Statewide in California, almost 1.5 million acre-feet of water are traded annually -- about 4% of all water used by cities and farms. Previously launched in 2018, the Nasdaq Veles California Water Index tracks water entitlement transactions from the surface water market and four adjudicated groundwater basins -- the Central Basin, the Chino Basin, the Main San Gabriel Basin, and the Mojave Basin Alto Subarea.

Futures trading is the practice of hedging on the future price of commodities in order to manage financial risk. The concept with the Merc's water futures trading contract is that market participants can buy or sell water at a predetermined price at a specified time. This essentially allows water users to lock in a spot price for water in the future that they are willing to pay -- thereby shifting the risk of price swings to the counterparty of the contract. The hope is that futures trading will create more certainty for those who rely on water in California, particularly in the face of climate change.

What Are the Concerns Voiced About Water Futures Trading?

Some have expressed concerns about the creation of the world's first futures market in water. They say it could invite speculation from financiers who would trade it like other commodities such as gold and oil. For example, Pedro Arrojo-Agudo, the United Nations' Special Rapporteur on the right to safe drinking water and sanitation, cautioned that "it is a serious mistake to consider water as a commodity ... such a futures market could also lure speculators such as hedge funds and banks to bet on prices, repeating the speculative bubble of the food market in 2008."

More broadly, the increased marketization of important commodities like water raises questions of whether this will lead to a situation like the 2000-2001 California electricity crisis. There, Enron took advantage of the deregulation of the State's electricity market and was involved in economic withholding. The company's actions inflated price bidding in California's spot markets and resulted in rolling blackouts caused by the artificial scarcity of electricity supplies.

Why Might Water Futures Trading Be Different than Trading Other Commodities?

Critically, however, water futures are cash-settled as opposed to physically settled, meaning that the contract is settled with the cash payment of the value of the contract rather than through delivery of the underlying asset. Therefore, as noted in a recent Los Angeles Times article on the Merc's new water futures trading contract, "[t]he futures contract will do nothing to increase the supply of water. Nor will it facilitate moving water from one place to another. Holders of the contract upon expiration can't take delivery of water, and sellers of the contract won't provide any. That's distinct from the terms of futures on gold, oil, wheat and other physical commodities, which can be settled by delivery of the underlying items." Ellen Hanak of the Public Policy Institute of California's Water Policy Center also suggested in a recent piece in Cal Matters that perhaps both the fear and the hype associated with the trading of water futures are unwarranted.
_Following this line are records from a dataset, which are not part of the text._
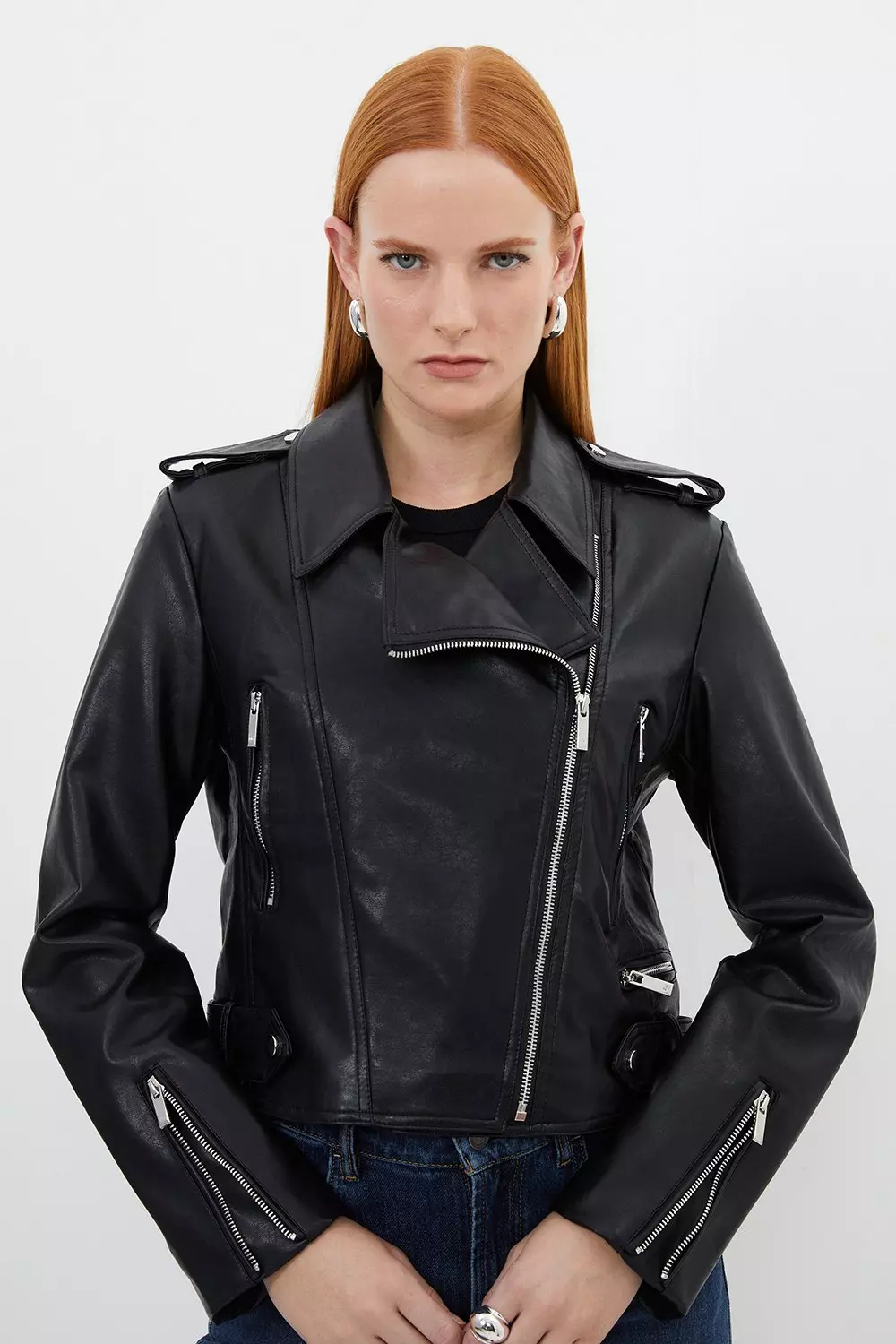 Product Item: Cropped faux best sale leather biker jacket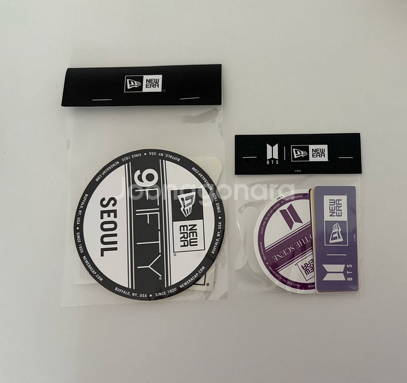 뉴에라 데칼 스티커 세트 정품입니다. 패션/ 캐리어/ 캠핑 등 활용하기 좋습니다. 2가지 세트: 1) 실버 스티커 (사이즈 지름 9.5cm) 세트 2) 뉴에라 X BTS 콜라보 스티커 세트 총 11장 일괄 7000원입니다. 낙성대 직거래 택배, 반값 모두 가능해요.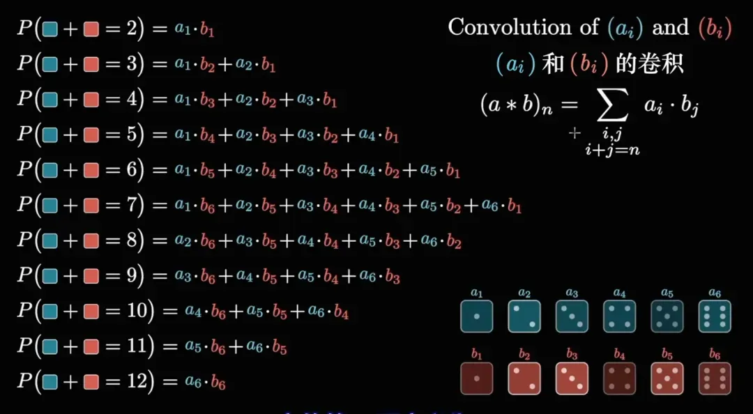- 两个独立随机变量的和的概率分布,是它们各自概率分布的卷积。因此两个骰子的点数和的概率分布可以通过对单个骰子的概率分布进行卷积得到。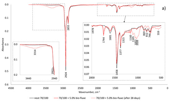 FTIR spectra of neat bitumen and fluxed bitumen by rapeseed oil methyl ester: (a) 70/100 bitumen; and (b) 35/50 bitumen.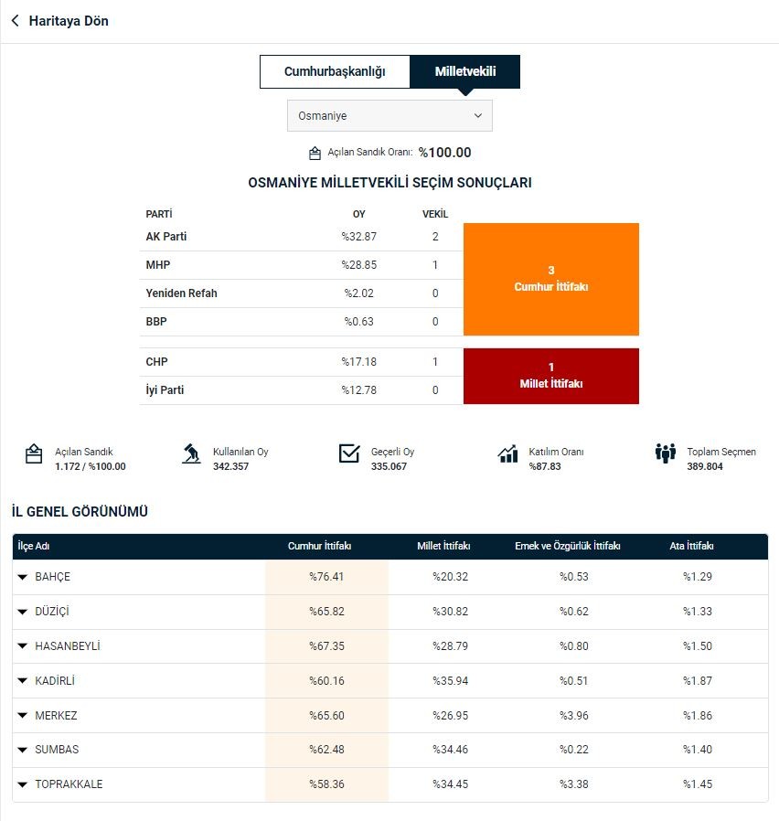 Türkiye'nin tarihi seçiminde Osmaniye'de yarışı kazanan isim Cumhurbaşkanı Erdoğan oldu.

This distinction means that the new water futures contract likely will not implicate the traditional principles of beneficial use under existing California water law, which perhaps insulates the underlying use of such water rights from these market forces. Article X, Section 2 of the California Constitution requires broadly that the water resources of the State be put to beneficial use and that waste be prevented. Under that principle, as provided in Water Code Section 1240, the appropriative use of water in California "must be for some useful or beneficial purpose, and when the appropriator or his successor in interest ceases to use it for such a purpose the right ceases." The potential loss of one's water rights under this doctrine incentivizes the underlying water users to continue using such rights for useful or beneficial purposes.

Moreover, the transfer of water rights in California occurs in a complicated regulatory framework subject to extensive scrutiny and oversight. These rules differ significantly depending upon not only the type of water right at issue, but also where in the State these trades occur. These existing regulatory barriers further insulate what happens with precious water supplies from potential market forces.

Notwithstanding those legal and regulatory limitations, it remains to be seen how, if at all, the financial incentives possibly created by the new water futures markets may influence the actions of water users across the State. For example, in a recent set of blog posts, Cora Kammeyer and Michael Cohen at the Pacific Institute analyzed the new water futures market and explored the risks of market influence. They noted that, "the futures market could distract from investments in on-farm efficiency and reuse, as some irrigators may feel that hedging the risk of water price volatility outweighs the returns of such investments."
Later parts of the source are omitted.